Abbas needs the truce to hold so he can persuade Israel to withdraw from Palestinian territory, free prisoners and take other steps to make life easier for ordinary Palestinians.
Other Palestinian demands include an end to Israeli settlement activity in occupied territory and to work on the barrier Israel is building through the West Bank.
Abbas says a period of calm should lead to the resumption of Israeli-Palestinian talks on an independent Palestinian state.
But Israel's first response was to repeat its long-standing demand that Abbas dismantle the militant groups.
"Israel sees the discussions in Cairo as problematic in that they only talk about a temporary time-out," Israeli Foreign Ministry spokesman Mark Regev said.
"The road map is unequivocal - Abbas must disarm the terrorist groups and we hope that the process of disarmament will start sooner rather than later."

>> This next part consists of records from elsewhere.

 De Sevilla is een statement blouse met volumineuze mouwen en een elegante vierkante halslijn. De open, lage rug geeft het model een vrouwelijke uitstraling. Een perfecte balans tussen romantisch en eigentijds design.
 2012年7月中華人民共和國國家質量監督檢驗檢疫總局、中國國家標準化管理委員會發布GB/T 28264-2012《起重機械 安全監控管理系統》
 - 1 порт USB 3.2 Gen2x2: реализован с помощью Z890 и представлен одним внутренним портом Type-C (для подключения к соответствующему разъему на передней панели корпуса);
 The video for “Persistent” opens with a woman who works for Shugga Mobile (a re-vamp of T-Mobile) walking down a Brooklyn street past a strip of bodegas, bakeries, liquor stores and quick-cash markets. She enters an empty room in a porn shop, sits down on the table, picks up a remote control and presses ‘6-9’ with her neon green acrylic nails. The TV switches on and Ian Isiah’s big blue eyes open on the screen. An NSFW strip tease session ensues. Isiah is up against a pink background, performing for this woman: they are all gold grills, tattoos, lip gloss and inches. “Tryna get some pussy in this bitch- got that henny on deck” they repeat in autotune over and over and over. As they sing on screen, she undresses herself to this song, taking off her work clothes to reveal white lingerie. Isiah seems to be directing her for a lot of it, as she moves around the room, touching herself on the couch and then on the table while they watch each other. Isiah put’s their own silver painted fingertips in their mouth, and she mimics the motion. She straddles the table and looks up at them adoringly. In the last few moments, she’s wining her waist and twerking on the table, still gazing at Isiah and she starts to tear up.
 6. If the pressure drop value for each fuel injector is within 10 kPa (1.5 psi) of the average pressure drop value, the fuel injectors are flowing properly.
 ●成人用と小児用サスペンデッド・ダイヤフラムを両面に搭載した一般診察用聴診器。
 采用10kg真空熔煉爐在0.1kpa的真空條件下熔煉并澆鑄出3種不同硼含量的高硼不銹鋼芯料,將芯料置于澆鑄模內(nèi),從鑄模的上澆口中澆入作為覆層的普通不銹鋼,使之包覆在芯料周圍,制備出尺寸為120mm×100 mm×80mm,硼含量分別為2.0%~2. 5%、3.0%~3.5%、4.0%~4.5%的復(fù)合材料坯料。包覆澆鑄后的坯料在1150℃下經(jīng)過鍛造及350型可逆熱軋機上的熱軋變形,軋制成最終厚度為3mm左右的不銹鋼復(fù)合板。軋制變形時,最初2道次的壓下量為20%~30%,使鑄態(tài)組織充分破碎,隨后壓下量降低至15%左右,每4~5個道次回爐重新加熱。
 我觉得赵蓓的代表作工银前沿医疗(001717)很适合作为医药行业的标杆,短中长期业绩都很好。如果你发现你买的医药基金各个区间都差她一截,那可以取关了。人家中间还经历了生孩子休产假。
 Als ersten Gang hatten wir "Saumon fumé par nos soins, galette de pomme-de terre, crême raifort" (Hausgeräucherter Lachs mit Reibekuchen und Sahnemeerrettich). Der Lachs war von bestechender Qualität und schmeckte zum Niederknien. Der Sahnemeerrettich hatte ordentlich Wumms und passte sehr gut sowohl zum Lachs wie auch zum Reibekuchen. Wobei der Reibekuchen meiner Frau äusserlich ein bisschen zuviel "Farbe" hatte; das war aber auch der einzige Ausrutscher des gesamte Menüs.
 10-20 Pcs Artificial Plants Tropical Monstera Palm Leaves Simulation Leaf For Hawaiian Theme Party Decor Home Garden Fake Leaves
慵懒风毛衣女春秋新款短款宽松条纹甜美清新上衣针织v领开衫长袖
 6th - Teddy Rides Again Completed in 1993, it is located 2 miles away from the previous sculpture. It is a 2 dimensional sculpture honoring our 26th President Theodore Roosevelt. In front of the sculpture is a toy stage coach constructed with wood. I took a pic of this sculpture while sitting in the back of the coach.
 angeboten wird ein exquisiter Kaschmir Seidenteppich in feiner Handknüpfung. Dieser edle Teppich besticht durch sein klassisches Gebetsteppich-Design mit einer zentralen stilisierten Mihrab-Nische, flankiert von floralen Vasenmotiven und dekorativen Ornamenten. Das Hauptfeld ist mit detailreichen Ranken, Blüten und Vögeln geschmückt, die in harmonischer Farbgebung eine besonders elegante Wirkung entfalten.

Foreign Minister Ahmed Aboul Gheit of Egypt, which sponsored the talks, told reporters: "We need a number of months and perhaps until the end of the current year to reach the situation as it was on 28 September, 2000."
He was referring to the start of a Palestinian uprising against Israeli occupation. More than 4,000 people, mostly Palestinians, have been killed since then.
In deference to the views of militants, the final statement said the Palestinian people had the right to resist the Israeli occupation. Abbas himself favours non-violence.
It also offered militants the prospect of integration into a reactivated Palestine Liberation Organisation (PLO), which for the past 40 years has been the monopoly of secular, leftist and nationalist groups.